我无法在sklearn.model_selection.learning_curve中自定义评分。我有一个SVR作为估计器,也有一个回归器,但是估计器应该是一个分类器,我需要实现如何将连续值转换为类。 我遵循了以下文档:https://scikit-learn.org/stable/modules/model_evaluation.html和https://scikit-learn.org/stable/modules/generated/sklearn.model_selection.learning_curve.html#sklearn.model_selection.learning_curve
我正在使用scikit-learn-0.22和python 3.7。
这是我的代码:
def scorer(y_true, y_pred):
closest = [ y_true[i] if abs(y_true[i] - y_) <= 1.0 else y_true.flat[np.abs(y_true - y_).argmin()] for i, y_ in enumerate(y_pred)]

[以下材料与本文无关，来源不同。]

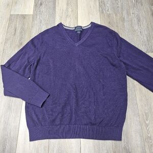 Lands' End V Neck Sweater Lightweight Supima Cotton Purple Eggplant Womens Large

return accuracy_score(y_true, closest)
train_sizes, train_scores, test_scores, fit_times, _ = \
learning_curve(estimator, X, y, cv=cv, n_jobs=n_jobs,
train_sizes=train_sizes,
return_times=True, scoring=make_scorer(scorer))
我遇到了以下错误: AttributeError:“系列”对象没有属性“扁平”
<ipython-input-10-bc8ce2a8f15e> in plot_learning_curve(estimator, title, X, y, scoring, axes, ylim, cv, n_jobs, train_sizes)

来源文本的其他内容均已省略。